Michael Riedel

Michael Riedel

Theater

Nathan Lane, Matthew Broderick team up again on Broadway

Bialystock and Bloom are coming back to Broadway.

Nathan Lane and Matthew Broderick, who helped make “The Producers” one of the best musical comedies of all time, are reuniting in the fall, this time in “It’s Only a Play,” Terrence McNally’s 1986 comedy about life in the theater.

Contracts have yet to be signed — which is why everybody was nervous about my announcing the show (sorry, boys!) — but Jack O’Brien is on board to direct.

I read “It’s Only a Play” the other day. It’s no “Noises Off,” Michael Frayn’s brilliant backstage farce, but it does have its charms and some extremely funny lines. The only trouble is, you have to be a theater insider of a certain age to get the most out of them.

Sample gag: The show is set in the elegant apartment of a producer on the opening night of his new play, “The Golden Egg.” Everybody involved in the play is praying for a good review from the New York Times. Everybody else, of course, is secretly hoping they’ll fail. The doorman keeps ringing to say there’s an actress downstairs who wants to come up. But nobody can get her name right. Finally somebody says, “Oh, you mean Tovah!”

Now if you laughed at that line (and I did, out loud), you are the insider’s insider. It’s a reference to actress Tovah Feldshuh, whom you may remember from “Golda’s Balcony” a few years back.

McNally has been revising the play, so I suspect he’s changed the punch line, though I hope not to Adele Dazeem, because that joke has really run its course.

The great James Coco played a bitchy sitcom star named James Wicker in the original production. McNally tailored the part for him. In his review, Frank Rich described Coco as a “dyspeptic Humpty Dumpty in a crimson-trimmed tuxedo.”

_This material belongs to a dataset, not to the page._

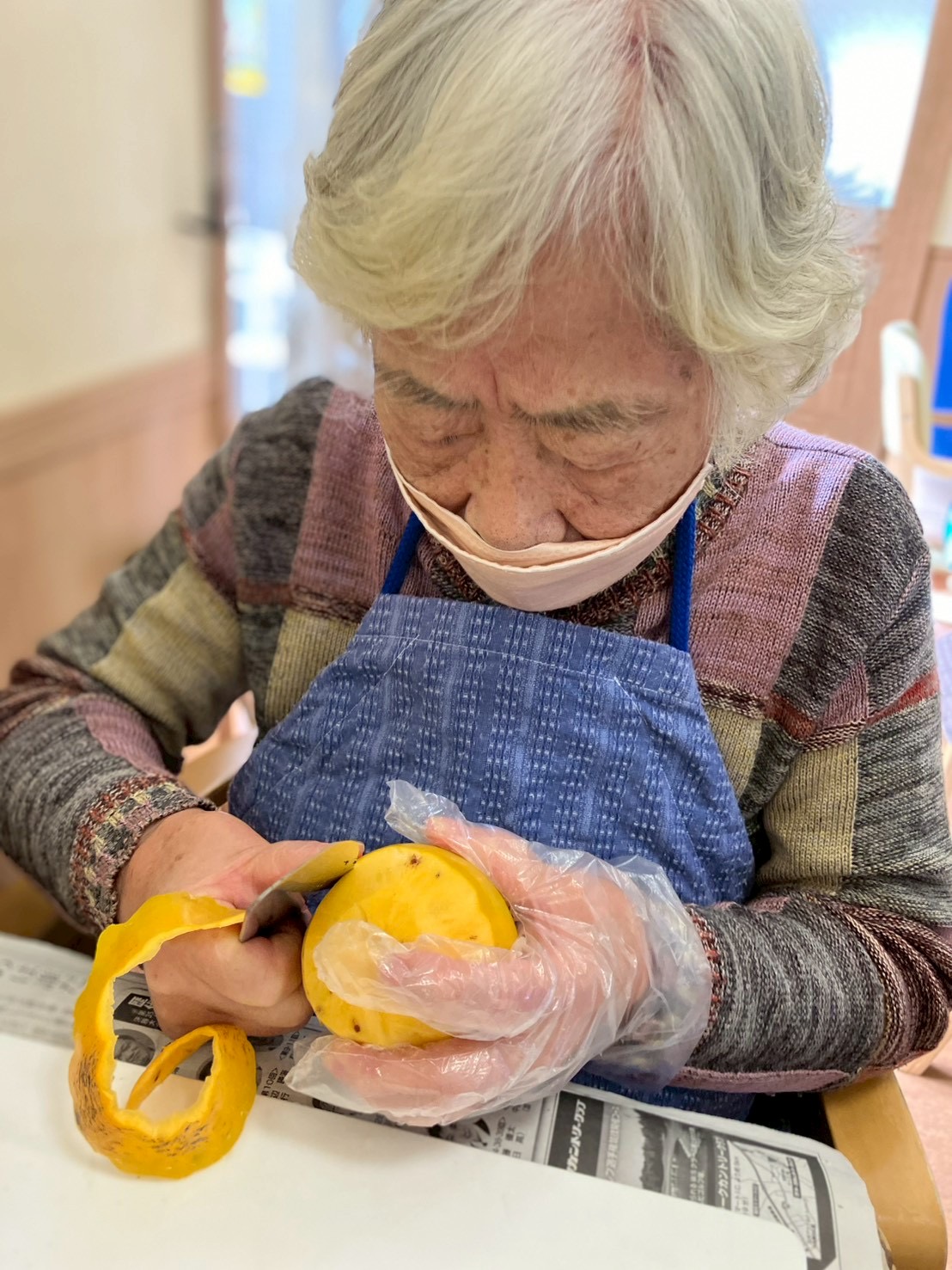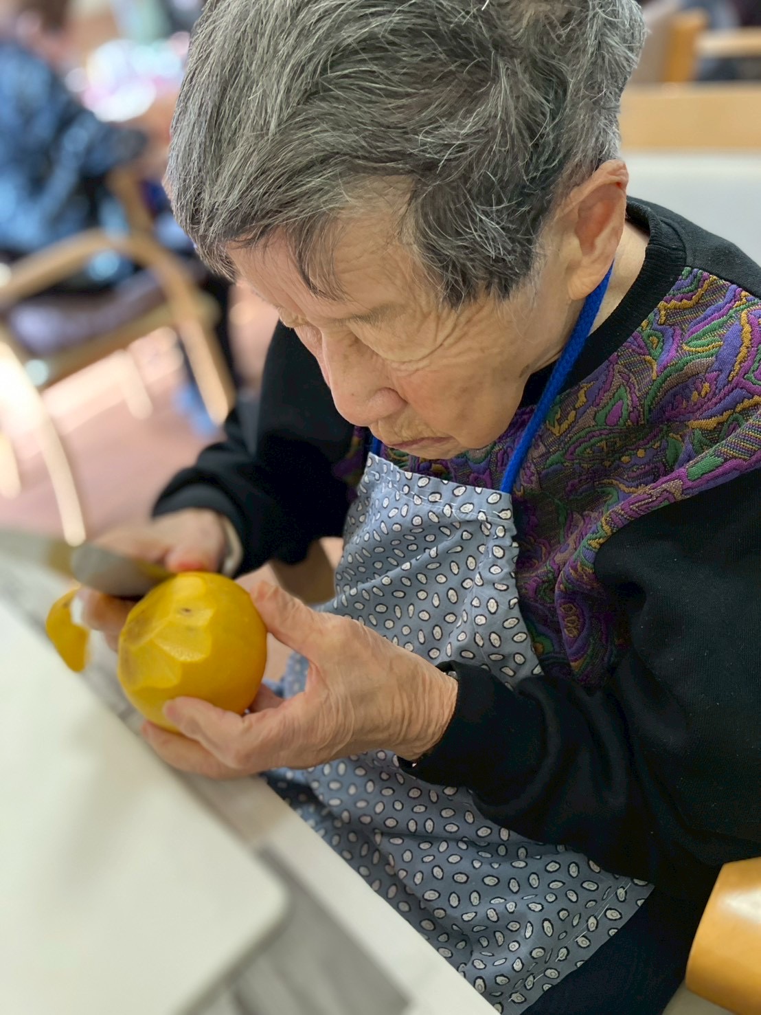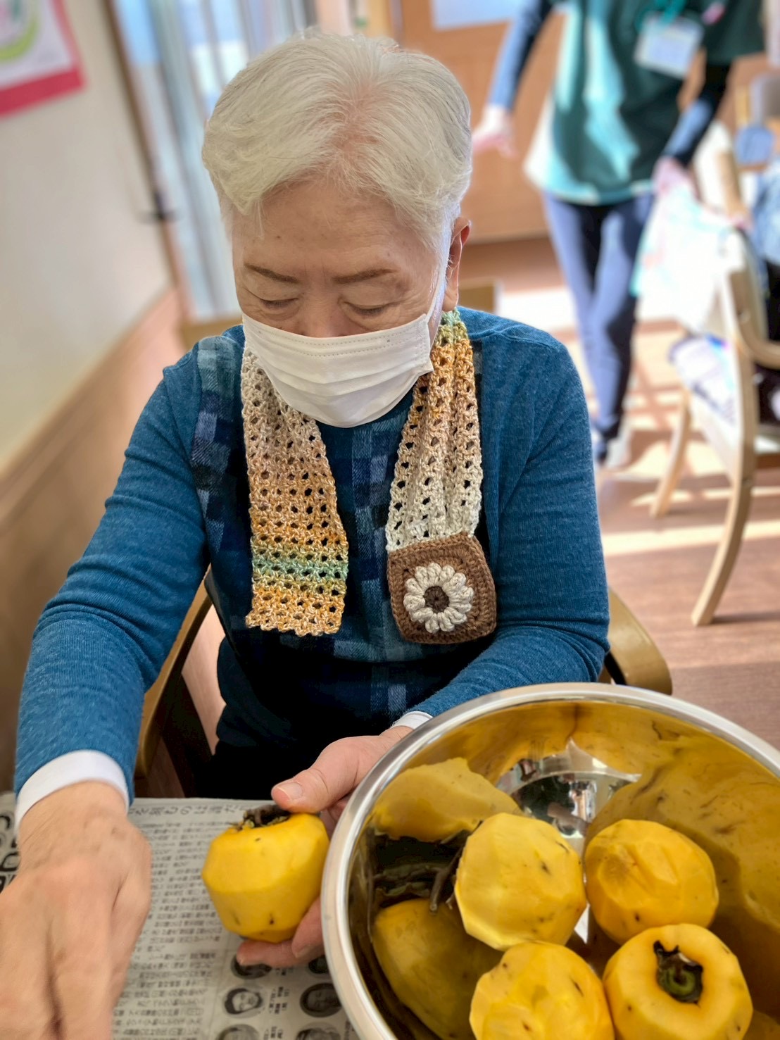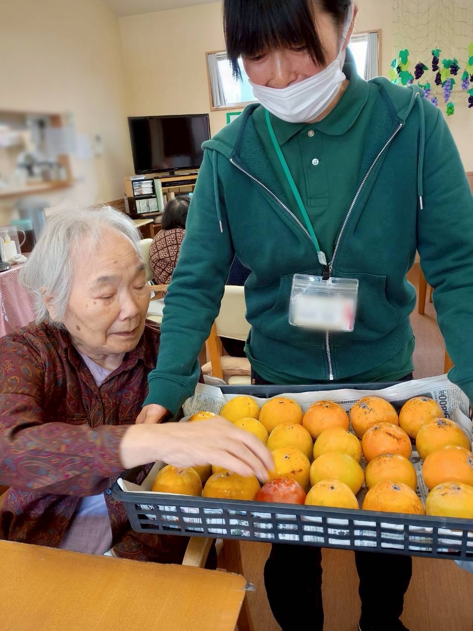渋柿は紐でくくり、干し柿作りに挑戦!

If that’s not a role for Nathan Lane, I don’t know what is.

And he’s as good with the zingers as Coco was.

Broderick’s appearing as the playwright — an OK part, but not nearly as funny as Lane’s.

Broderick has fewer lines than Lane, but that’s probably for the best. The last time they appeared together, in a tepid revival of Neil Simon’s “The Odd Couple” in 2005, it took Broderick forever to get off script.

This caused some tension between him and Lane, since Lane always arrives at the first day of rehearsal with his part already memorized.

But Broderick has all summer to learn his part, so that shouldn’t be a problem this time around.

“It’s Only a Play” will be produced by Tom Kirdahy, McNally’s husband.

He produced McNally’s “Mothers and Sons,” which received a Tony nomination this week for Best Play.

I’m looking forward to “It’s Only a Play.”

It’s good, bitchy fun, and with Lane and Broderick heading the cast, we’re off to a good start.